Krein has been on faculty at Thomas Jefferson University since 2007, and has served as the Senior Director of Health Policy and Innovation at the Sidney Kimmel Cancer Center since 2016. He is a founding partner and co-director of the hospital's Herbert Kean Center for Facial Aesthetics.

Since 2011 Krein has served as a Chief Medical Officer at StartUp Health, previously Organized Wisdom, a venture capital and health technology firm. The firm, whose chief executive officer is Krein's brother, lobbied the government on health industry technology regulations in 2018.

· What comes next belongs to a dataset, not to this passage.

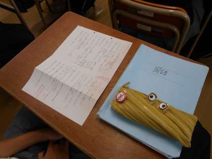 写真は、紀貫之の仮名序を題材に、生徒と一緒に一つひとつの表現を読み解いている様子です。
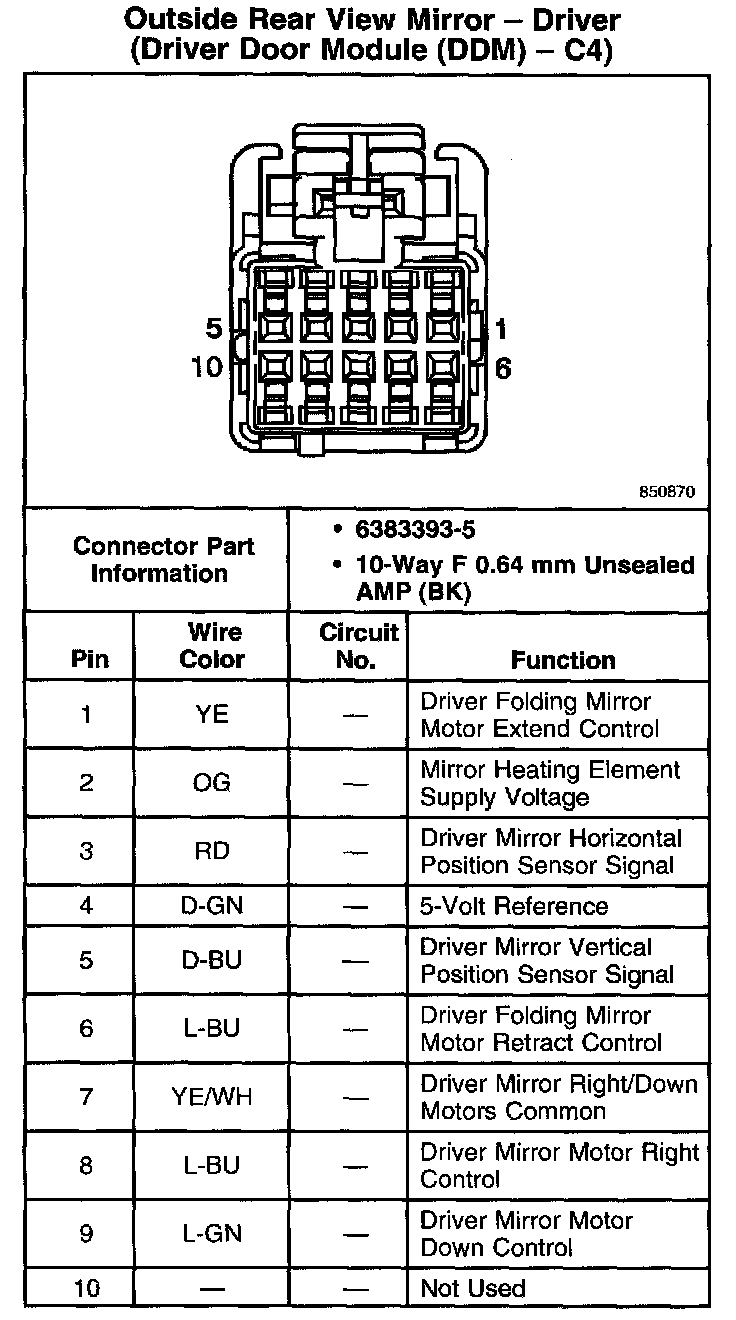 Outside Rear View Mirror - Driver (Driver Door Module (DDM) - C3):

Krein served as an unofficial advisor to the Joe Biden 2020 presidential campaign on its COVID-19 pandemic response. StartUp Health has been running an initiative to invest in health care startups offering solutions to the global pandemic since March 2020. Krein's role with the Biden campaign while working as an executive of a health technology firm led to speculation about a potential conflict of interest. StartUp Health also described Krein as an advisor to the Obama administration in 2011. Krein stated that he does not have a formal role in the Biden campaign, but has participated in briefings on the coronavirus based on his experience treating patients and coordinating Thomas Jefferson University Hospital's response to the outbreak.

== Personal life ==
Krein began dating Ashley Biden, a social worker and daughter of U.S. president Joe Biden and First Lady Jill Biden, in 2010 after being introduced by her half-brother, Beau Biden. They married in June 2012 in a Catholic-Jewish interfaith ceremony at St. Joseph's on the Brandywine in Greenville, Delaware, officiated by a Catholic priest assisted by a rabbi. In August 2025, Biden filed for divorce from Krein.